Nadi Hajeh, July 08, 2010 - 1:26 pm UTC
The clustering factor is 2802527
the cost of full scan is 38283
the cost when using index hint is 947146
July 08, 2010 - 1:47 pm UTC
can I see the plans, it sounds like it is getting the estimated card= values way off. You say "about 50,000", it looks like it is thinking more along the lines of "more than 900,000" records.
But, I'll guess that since the clustering factor is nearer to the number of rows than to the number of blocks in the table - it is estimating about 1 IO for every row - which might mean that ever for 50,000 records - it would not use the index - the full scan cost of 38k would be lower still.
Nadi Hajeh, July 08, 2010 - 2:12 pm UTC
full scan:
--------------------------------------------------------------------
| Id | Operation | Name | Rows | Bytes | Cost |
--------------------------------------------------------------------
| 0 | DELETE STATEMENT | | 3150K| 342M| 38283 |
| 1 | DELETE | RADACCT | | | |
| 2 | TABLE ACCESS FULL | RADACCT | 3150K| 342M| 38283 |
--------------------------------------------------------------------
with using the index hint:
-----------------------------------------------------------------------------
| Id | Operation | Name | Rows | Bytes | Cost |
-----------------------------------------------------------------------------
| 0 | DELETE STATEMENT | | 3150K| 342M| 1346K|
| 1 | DELETE | RADACCT | | | |
| 2 | INDEX RANGE SCAN | RADACCT_STRTIME_IND | 3150K| 342M| 10570 |
-----------------------------------------------------------------------------
July 08, 2010 - 2:26 pm UTC
see the estimated card= value, 3,150,000. No where near 50,000.
Are you sure this is only hitting 50,000?
are statistics up to date - does the optimizer have a chance of getting the right estimate?
Nadi Hajeh, July 08, 2010 - 2:40 pm UTC
Hi Tom,
the number of rwos to be deleted in the explain plan i perfromed is arround 3 milions, i increased the interval.
regarding the statisitcs, i'm gathering the statistics every one week, but we have arround 500,000+ record inserted to the tables daily, and other 500,000+ million records are deleted
this is our case in this table
July 08, 2010 - 4:19 pm UTC
if the number of rows is 3mill, then full scan is the only sensible way - I'm confused.
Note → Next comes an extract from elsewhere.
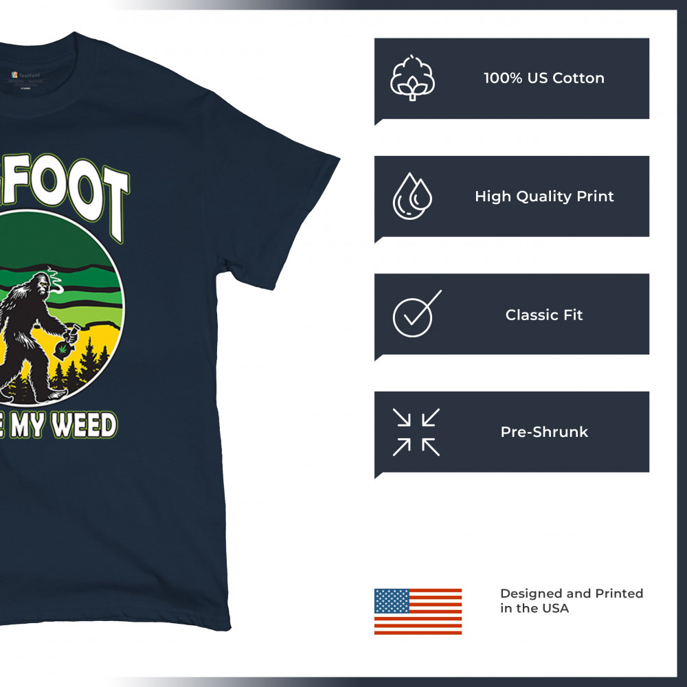 Experience the perfect blend of humor and cannabis culture with the "Bigfoot Stole My Weed" design. This playful design features a comical Bigfoot character holding a cannabis leaf, making it ideal for those who appreciate the humor and chill vibes of Mary Jane. Whether you're a pothead, enjoy stoned humor, or simply want to add some fun to your wardrobe, this design is sure to turn heads and bring smiles. Relax and embrace the trippy, laid-back lifestyle with this unique design.

What does 50,000 have to do with anything????
start over, state the problem from start to finish and supply supporting data such as I asked for above all in one place.
Nadi Hajeh, July 09, 2010 - 2:13 am UTC
the estimated rows to be deleted is 67,000
explain plan for
delete from radius.radacct a
where a.acctstarttime < to_date('27-nov-2009','dd-mon-yyyy')
--------------------------------------------------------------------
| Id | Operation | Name | Rows | Bytes | Cost |
--------------------------------------------------------------------
| 0 | DELETE STATEMENT | | 193K| 21M| 38283 |
| 1 | DELETE | RADACCT | | | |
| 2 | TABLE ACCESS FULL | RADACCT | 193K| 21M| 38283 |
--------------------------------------------------------------------
explain plan for
delete /*+ INDEX (a RADACCT_STRTIME_IND) */ from radius.radacct a
where a.acctstarttime < to_date('27-nov-2009','dd-mon-yyyy')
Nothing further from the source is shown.